AWS::Glue::Crawler HudiTarget - Amazon CloudFormation
Services or capabilities described in Amazon Web Services documentation might vary by Region. To see the differences applicable to the China Regions, see Getting Started with Amazon Web Services in China (PDF).

This is the new Amazon CloudFormation Template Reference Guide. Please update your bookmarks and links. For help getting started with CloudFormation, see the Amazon CloudFormation User Guide.

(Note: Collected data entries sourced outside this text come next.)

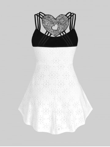 Plus Size Tank Tops > Plus Size Valentine's Day Twist Broderie Anglaise Heart Lace Tank Top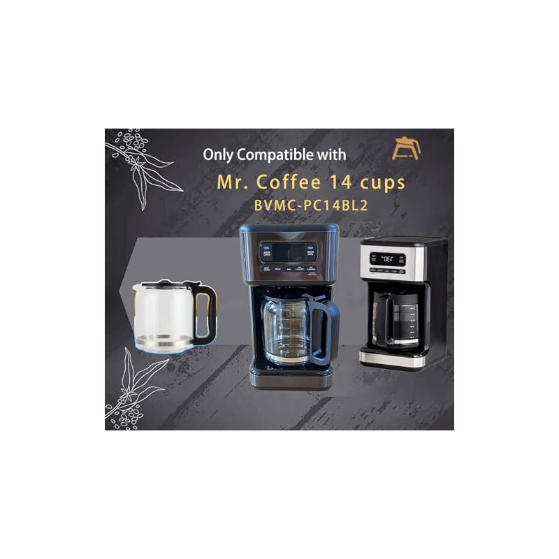 14 tazas de caf de vidrio de repuesto para Mr. Coffee 14 tazas BVMC-PC14, sin BPA, apta para alimentos, mango resistente al calor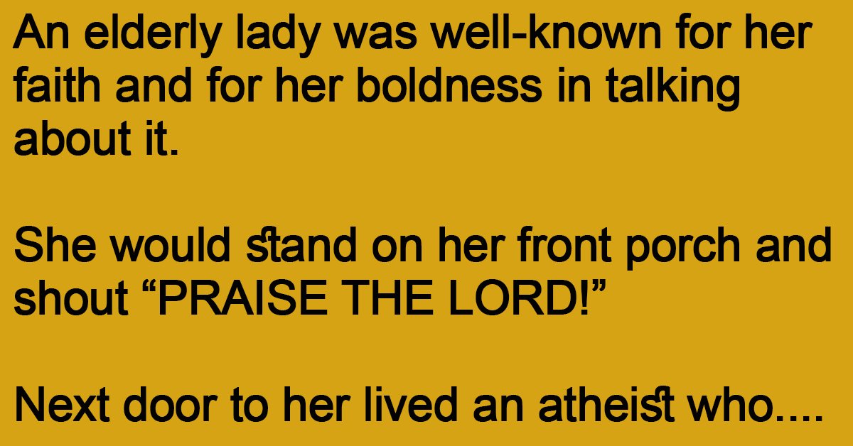 Next door to her lived an atheist who would get so angry at her proclamations he would shout,

AWS::Glue::Crawler HudiTarget

Specifies an Apache Hudi data source.

Syntax

To declare this entity in your Amazon CloudFormation template, use the following syntax:

JSON

{ "ConnectionName" : String, "Exclusions" : [ String, ... ], "MaximumTraversalDepth" : Integer, "Paths" : [ String, ... ] }

YAML

ConnectionName: String Exclusions: - String MaximumTraversalDepth: Integer Paths: - String

Properties

ConnectionName

The name of the connection to use to connect to the Hudi target. If your Hudi files are stored in buckets that require VPC authorization, you can set their connection properties here.

Required: No

Type: String

Update requires: No interruption

Exclusions

A list of glob patterns used to exclude from the crawl. For more information, see Catalog Tables with a Crawler.

Required: No

Type: Array of String

Update requires: No interruption

MaximumTraversalDepth

The maximum depth of Amazon S3 paths that the crawler can traverse to discover the Hudi metadata folder in your Amazon S3 path. Used to limit the crawler run time.

Required: No

Type: Integer

Update requires: No interruption

Paths

An array of Amazon S3 location strings for Hudi, each indicating the root folder with which the metadata files for a Hudi table resides. The Hudi folder may be located in a child folder of the root folder.

The crawler will scan all folders underneath a path for a Hudi folder.

Required: No

Type: Array of String

Update requires: No interruption